WHAT IS NEEDED >>
Give the lines below again exactly, starting with the line that holds "Рисунок 34 Спуск" and going on through the line that holds "Aprovechando un corto".

(Stored records)
>>>

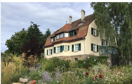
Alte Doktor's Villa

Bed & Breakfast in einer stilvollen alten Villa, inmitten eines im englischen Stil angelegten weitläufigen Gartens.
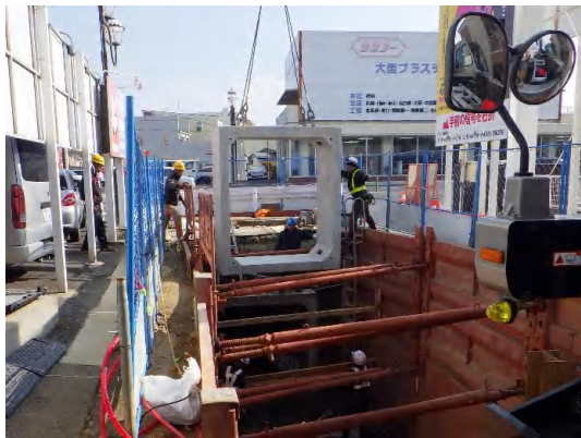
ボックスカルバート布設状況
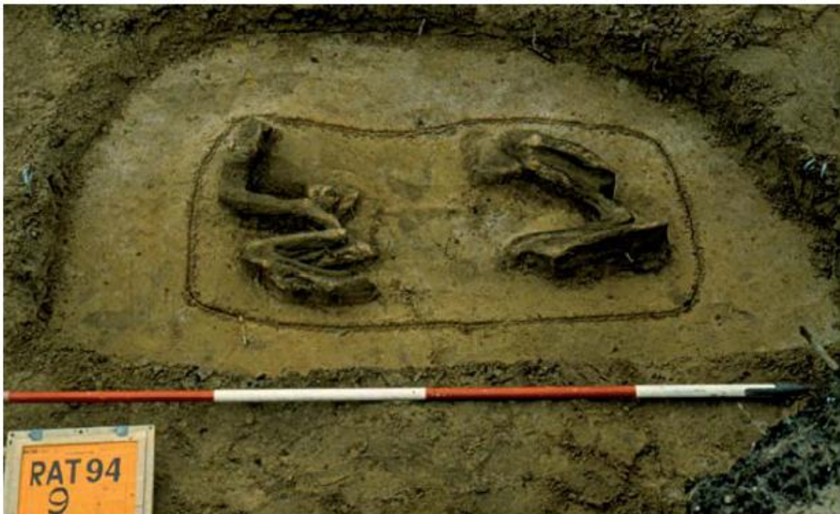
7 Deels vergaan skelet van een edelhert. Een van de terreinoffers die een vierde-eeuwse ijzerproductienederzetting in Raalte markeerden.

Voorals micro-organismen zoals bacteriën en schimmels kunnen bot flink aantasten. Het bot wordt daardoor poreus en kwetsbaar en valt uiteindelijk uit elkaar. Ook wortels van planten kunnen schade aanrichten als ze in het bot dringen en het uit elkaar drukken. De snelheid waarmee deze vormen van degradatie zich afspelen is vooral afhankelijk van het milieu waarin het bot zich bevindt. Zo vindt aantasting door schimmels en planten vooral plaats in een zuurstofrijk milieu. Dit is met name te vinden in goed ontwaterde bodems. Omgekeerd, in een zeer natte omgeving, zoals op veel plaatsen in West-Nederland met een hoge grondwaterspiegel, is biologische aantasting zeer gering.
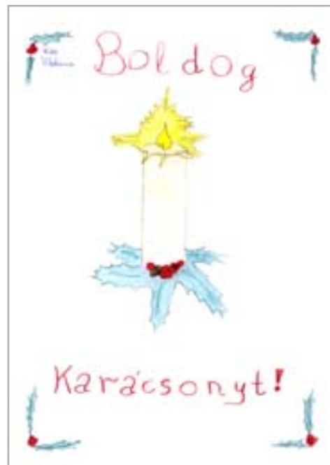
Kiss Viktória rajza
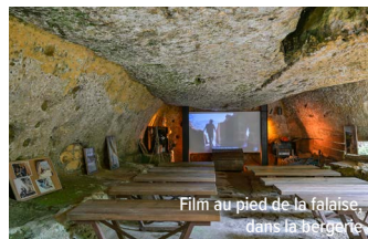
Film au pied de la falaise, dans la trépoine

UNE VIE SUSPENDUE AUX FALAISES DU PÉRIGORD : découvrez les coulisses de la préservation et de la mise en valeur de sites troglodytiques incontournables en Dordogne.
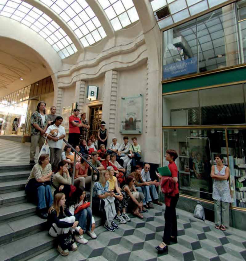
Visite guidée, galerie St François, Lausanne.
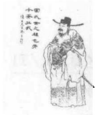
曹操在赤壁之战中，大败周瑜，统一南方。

<<<
>>>

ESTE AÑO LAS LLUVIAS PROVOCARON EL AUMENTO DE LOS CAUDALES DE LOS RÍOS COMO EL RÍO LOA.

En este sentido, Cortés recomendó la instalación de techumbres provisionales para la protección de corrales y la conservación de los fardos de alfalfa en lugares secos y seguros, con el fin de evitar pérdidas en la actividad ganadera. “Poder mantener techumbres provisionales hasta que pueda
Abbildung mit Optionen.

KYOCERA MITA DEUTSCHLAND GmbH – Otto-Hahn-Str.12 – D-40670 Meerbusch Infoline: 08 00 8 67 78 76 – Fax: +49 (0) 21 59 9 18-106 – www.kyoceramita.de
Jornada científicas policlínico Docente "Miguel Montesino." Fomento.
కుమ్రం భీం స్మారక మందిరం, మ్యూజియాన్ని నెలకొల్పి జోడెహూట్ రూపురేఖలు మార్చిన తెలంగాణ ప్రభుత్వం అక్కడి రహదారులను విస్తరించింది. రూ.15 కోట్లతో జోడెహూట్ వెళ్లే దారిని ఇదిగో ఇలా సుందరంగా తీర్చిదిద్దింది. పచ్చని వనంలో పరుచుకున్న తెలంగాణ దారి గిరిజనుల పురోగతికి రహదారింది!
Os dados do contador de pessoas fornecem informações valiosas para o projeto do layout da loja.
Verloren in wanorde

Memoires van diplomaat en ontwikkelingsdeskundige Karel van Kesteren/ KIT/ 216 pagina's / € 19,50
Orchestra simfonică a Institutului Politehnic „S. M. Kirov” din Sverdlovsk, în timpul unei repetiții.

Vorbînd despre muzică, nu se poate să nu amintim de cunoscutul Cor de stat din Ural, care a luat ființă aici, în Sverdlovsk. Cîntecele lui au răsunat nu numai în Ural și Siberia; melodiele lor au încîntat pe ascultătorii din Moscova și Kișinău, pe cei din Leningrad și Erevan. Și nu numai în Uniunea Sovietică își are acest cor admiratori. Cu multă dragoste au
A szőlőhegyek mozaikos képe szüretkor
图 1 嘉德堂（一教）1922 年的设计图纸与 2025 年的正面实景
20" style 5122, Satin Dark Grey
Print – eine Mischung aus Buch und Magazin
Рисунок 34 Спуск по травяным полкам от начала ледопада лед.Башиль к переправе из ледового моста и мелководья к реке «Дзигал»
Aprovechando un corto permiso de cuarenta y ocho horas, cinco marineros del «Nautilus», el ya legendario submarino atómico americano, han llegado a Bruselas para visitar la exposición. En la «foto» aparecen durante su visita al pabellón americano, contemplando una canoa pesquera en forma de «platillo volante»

<<<

EXERCISE OUTPUT >>
Рисунок 34 Спуск по травяным полкам от начала ледопада лед.Башиль к переправе из ледового моста и мелководья к реке «Дзигал»
Aprovechando un corto permiso de cuarenta y ocho horas, cinco marineros del «Nautilus», el ya legendario submarino atómico americano, han llegado a Bruselas para visitar la exposición. En la «foto» aparecen durante su visita al pabellón americano, contemplando una canoa pesquera en forma de «platillo volante»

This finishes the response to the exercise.